La escuchaba, escuchaba el pálpito de sus pisadas. Esa noche, al acercarme, atravesé a los transeúntes que se agolpaban en la plaza de La Concepción. Casi había llegado a la primera fila cuando apareció aquel hombre que se interpuso entre nosotros. Se situó tan cerca de ella que impidió mi aproximación.

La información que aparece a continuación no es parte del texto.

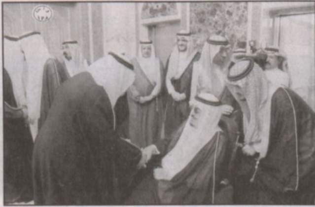
خادم الحرمين يصافح أصحاب السمو والمعالي حضور الاستقبال

ومع أن هذه الوقائع جلية وواضحة استغرب أنه لم يؤخذ منها أي مؤشر يستدعي لجم الإرهاب في إرهاباته الأولى ومحاصرتها وهو جنين لم يتمرد بعد.. كلنا يذكر ما كان يحدث أثناء حرب تحرير الكويت.. ما كانت بعض أسرطة الكاسيت تروجه، ولم يكن هناك من يجرد على إيقاف ذلك الإرجاف الذي كان جزءاً من الإعداد لموجة الإرهاب.. واستغرب بعد عملية (الرس) الأخيرة أن يقول مسؤول في موقع مرموق.. عندما وجه إليه سؤال عن دور المجتمع في مواجهة الإرهاب.. إن على الوالدين مسؤولية إعداد أطفالهم وتربيتهم تربية صالحة.. من قال إن الأطفال قد حملوا السلاح في موجات الإرهاب؟ أين المسؤولية عنهم يتلقون الإرهابية التطرف والانطواء والخوف من ضده سلامة المجتمع وأمنه؟ نحن الآن وأمام الانتصار الأمني الذي يعتز به كل مواطن يجب أن نعين الأمن بأن تقوم الجهات المعنية بمكافحة التطرف والانطواء والخوف من كل جديد بممارسة مسؤولياتها.. ليس ضد أحد.. ولكن بمواجهة الحقائق وتحويل مواقف تأثير هي سلبية في بعض الحالات إلى مواقع تأثير إيجابية في كل الحالات لأنه لا فارق كبير بين من يكفر الدولة والمجتمع أو من يكفر المجتمع..
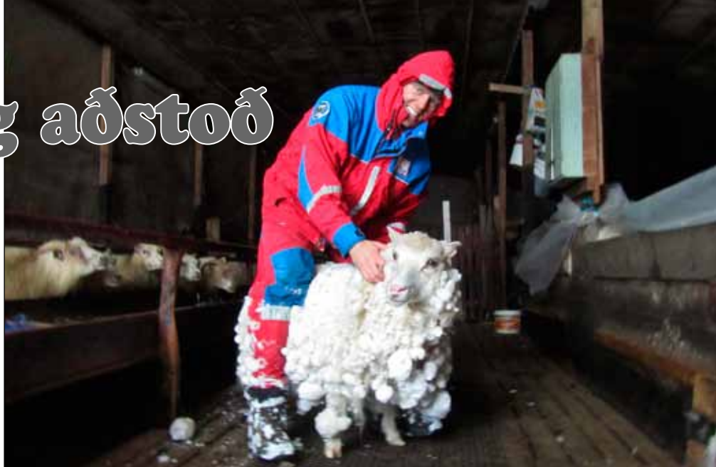
Kindum bjargað í hús í einu útkallanna í september.

Hjálparveitin Dalbjörg og Súlur, björgunarsveitin á Akureyri voru kallaðar út rétt fyrir kl. 11 vegna slasaðs göngumanns á hálendinu, en talið var að hann væri úlnliðsbrotinn. Tveir bílar frá Dal-
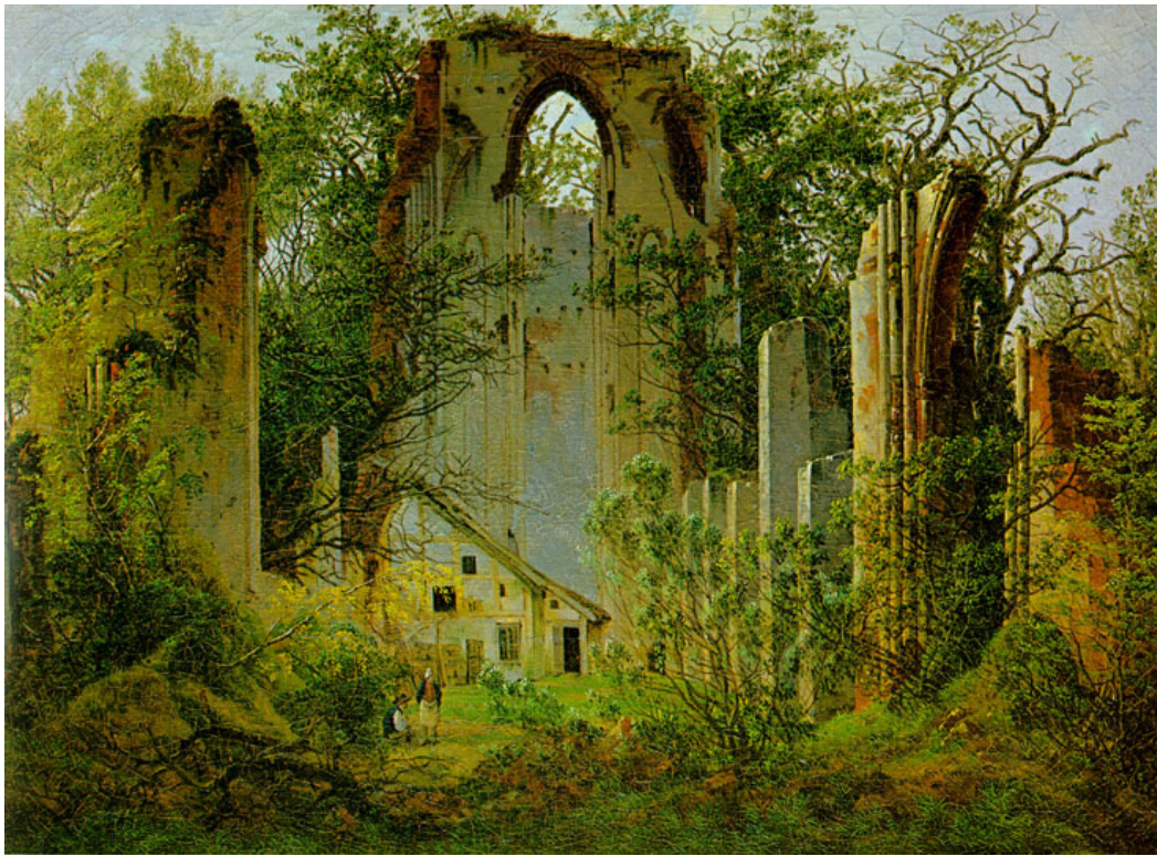
Ruine d'Eldena , C.D. Friedrich (1806)

Le conocía. Fernando. Chaqueta blazer azul marino sobre buena musculatura. Muy diferente a la bata azul Prusia con la que se cubre en el tanatorio. Claro que, para maquillar a los muertos, sólo necesita esta prenda lúgubre. Sé que fue una mala racha la que le empujó a aceptar el puesto de tanatopractor, sin apenas competidores y bien remunerado. Durante la primera semana, vomitó algunas veces, como era habitual, pero se acostumbró a estas tareas más rápido que otros colegas. Llegó a un pacto con ellos, me refiero a los muertos: ellos se lo pondrían fácil y él prometía recuperar en sus facciones un aspecto saludable. De esta forma, podrían despedirse con dignidad de los que conocieron en vida. Fernando se convenció de que su labor ayudaba a los humanos en la despedida más importante: la última. No sé si era un consuelo, o una convicción, pero en esta profesión, no sólo veía cadáveres rígidos con tejidos deteriorados, sino que debía manipularlos, vestirlos y acicalarlos. Poco a poco, los vivos empezaron a evitarlo. Sus amigos se distanciaron con disimulo cortés hasta un saludo desde la otra acera, seguramente, con la esperanza inservible de alejar la muerte para siempre. ¡Ilusos! ¡Pero, ya está bien de tanto Fernando! Ella se mecía en aquella música ondulada por brisas orientales. Prodigiosa. Gusto a noche, noche con relámpagos de ansia. El aire abofeteó los diez grados que se derramaban del monte de Las Mercedes, pero yo sólo advertí ráfagas extrañas al contemplarla, con hambre de alma, sin resistirme a aquel olor desconocido. De pronto, lo inesperado se desparramó con violencia. Un vértigo me mordió el ánimo. Demasiado próximos, demasiadas risas por cosas sin importancia, ¿ cuándo empezaron a hablar? Algo germinó entre ellos.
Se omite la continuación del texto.